Connecting Processors
Connecting Processors
Each Processor has a defined set of "Relationships" that can be used to send data. When the Processor finishes handling the FlowFile, it transfers it to one of these Relationships. Allows users to configure how to run FlowFiles based on Processing results. For example, many Processors define two Relationships: success and failure. The user can then configure the data to be routed through a one-way stream if the Processor successfully processes the data and routes the data through the stream in a completely different way if the Processor cannot process the data for some reason. Or, depending on the use case, it might just redirect both relationships to the same route through the stream.
Now that we have added and configured the GetFile processor and applied the configuration, we can see in the upper left corner of the Processor an Alert icon () which indicates that the Processor is not in a valid state. Hovering over this icon, we see that a successful relationship has not yet been determined. This means that we have not told what to do with the data transferred by the Processor to a successful connection.

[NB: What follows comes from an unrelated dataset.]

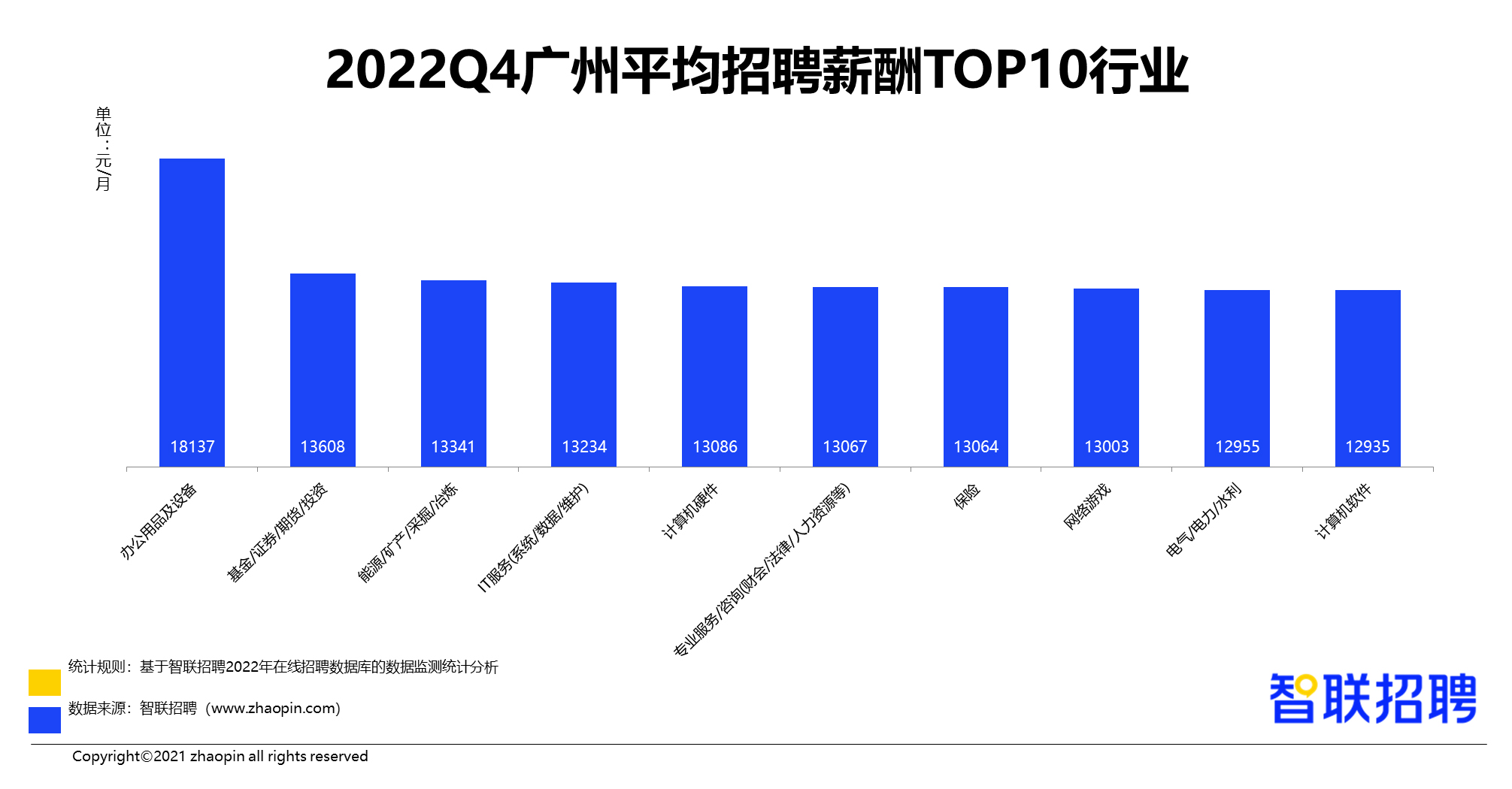 行业方面,四季度金融、IT互联网行业薪酬仍然较高。高科技产业知识密集,技术密集,研发人员规模占比大,行业薪资待遇总体较高。四季度电子技术/半导体/集成电路(12276元)、IT服务(12042元)、计算机软件(11940元)、计算机硬件(11392元)、通信/电信/网络设备(11339元)等行业在招聘市场上火爆,航空/航天研究与制造、医药/生物工程、仪器仪表及工业自动化等薪酬水平也较高。

We can now send the output from the GetFile Processor to the PutFile Processor.
Hover over GetFile Processor with a mouse, and Connection Icon () will appear in the middle of the Processor. We can drag this icon from GetFile Processor to PutFile Processor. This gives us a dialogue to choose which relationship we want to include for this connection. Since GetFile has only one association, success, it is automatically selected. Clicking on the Settings tab provides several options to configure
How should this connection behave:
We can name it Connection if we want. Otherwise, the Connection name will be based on the selected relationship. We can also set an expiration for the data. By default, it is set to "0 seconds", which indicates that data should not be expired. However, we can change the value so that when the data in this Connection reaches a certain age, it will be automatically deleted (and the appropriate EXPIRE Provenance event will be created).
The backpressure threshold allows us to determine how full the queue is allowed before the source Processor is no longer scheduled to run. This will enable us to handle cases where one Processor can generate data faster than the next Processor capable of consuming that data. Suppose backpressure is configured for every connection along the way, the Processor that brought data into the system will eventually experience backpressure and stop bringing in new data so the system can recover.

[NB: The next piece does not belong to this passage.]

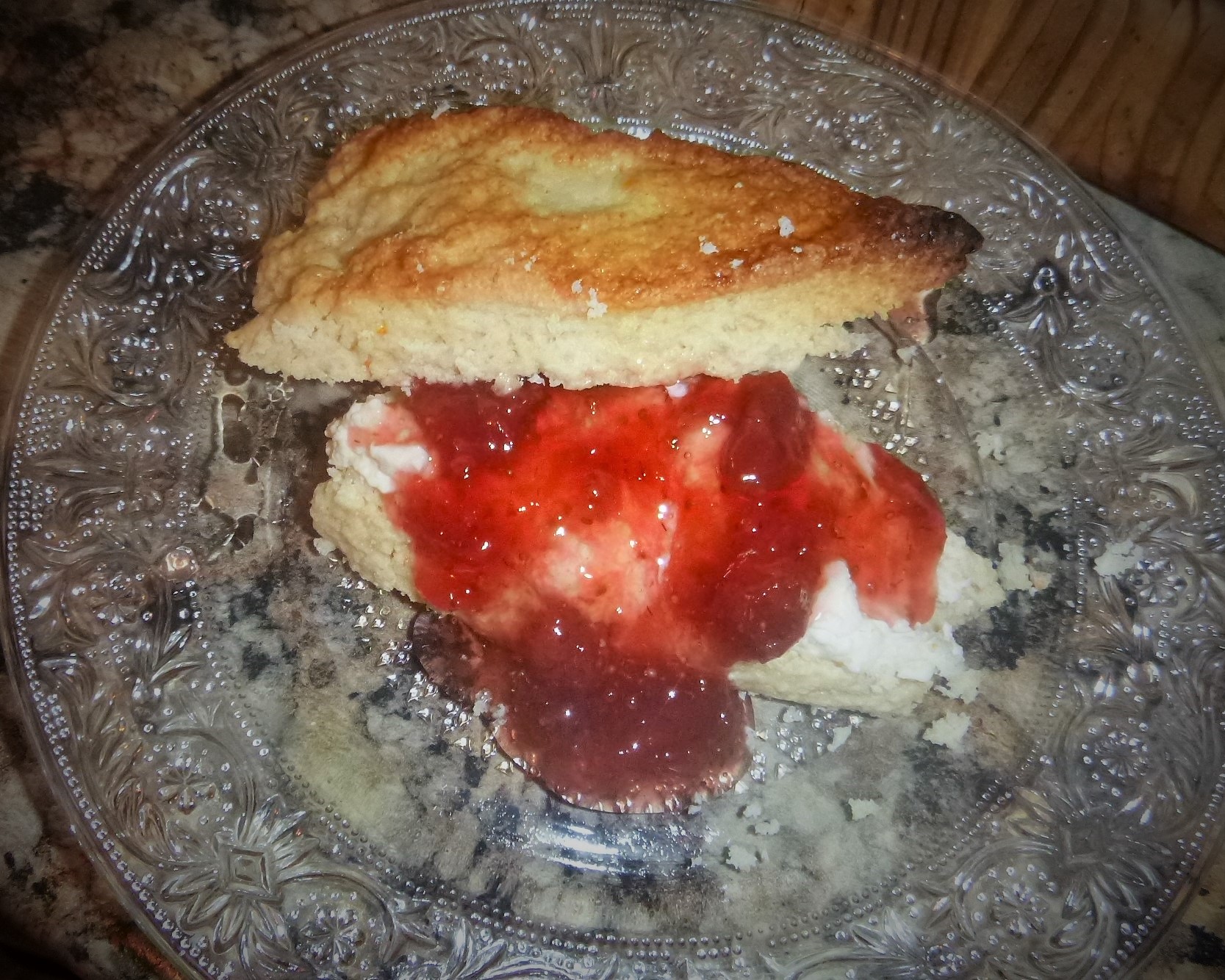 2. D > My Mum used to make strawberry and rhubarb jam – delicious … but I wonder if you had to add pectin in any form to get a reasonable set? Problem is for us that we can’t get strawberries to grow reliabily in quantity – so we eat as they ripen, usually just as they are, possibly in a bowl with a little cream. Your scone looks so yummy!

Finally, we have priorities on the right side. This allows us to control how the data in this queue is sorted. We can drag Priority from the "Available prioritizers" list to the "Selected prioritizer" list to enable priority. If multiple priorities are enabled, they will be evaluated in such a way that the first listed Priority will be evaluated first and if two FlowFiles are defined equal according to that Priority, the second Priority will be used.

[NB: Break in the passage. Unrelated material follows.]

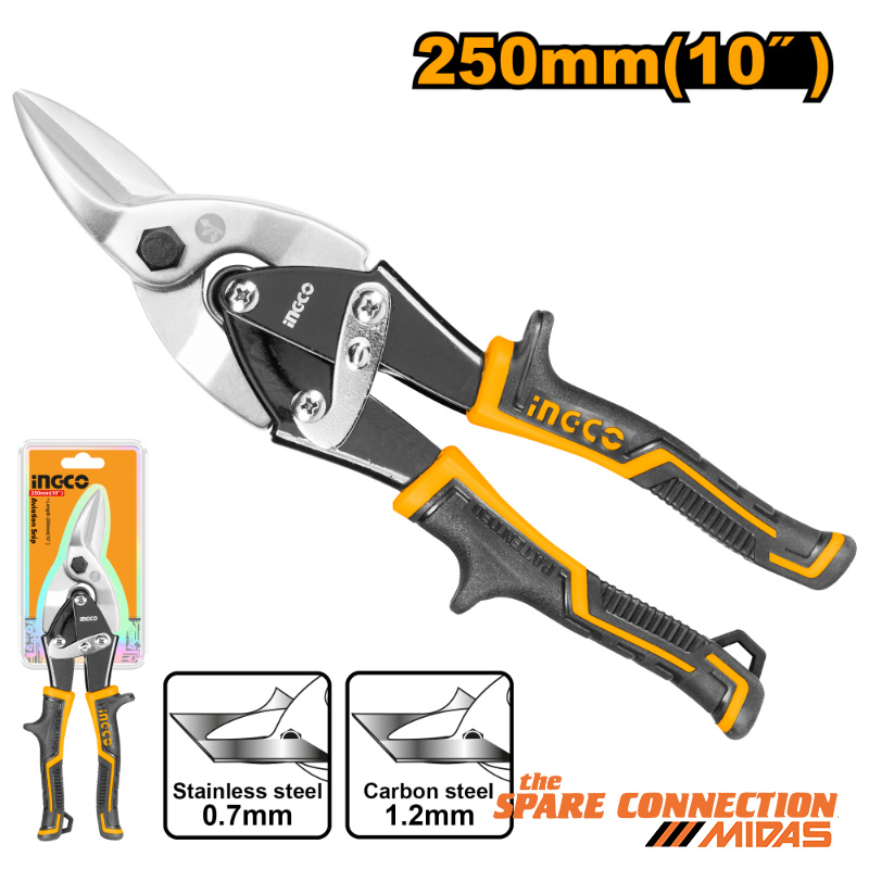 Aviation snip(Left)Length: 10"/250mmMax.cutting thicness:Carbon steel ≤1.2mmStainless steel ≤0.7mmUnique design three tone soft handle

We can simply click Add to add Connections to our graph. We will now see that the Alert icon has changed to a Stop icon (). However, the PutFile listener is now invalid because the success and failure relationship is not yet connected anywhere. Let's address this by signaling that the data routed for success by PutFile should be "Automatically Terminated Relationship," meaning that NiFi should consider FlowFile processing complete and "discard" the data. To do this, we configure the PutFile Processor. On the Settings tab, on the right, we can check the boxes next to success and failure Relationship to Auto Terminate data. Clicking OK will close the dialogue and show that both Processors are now stopped.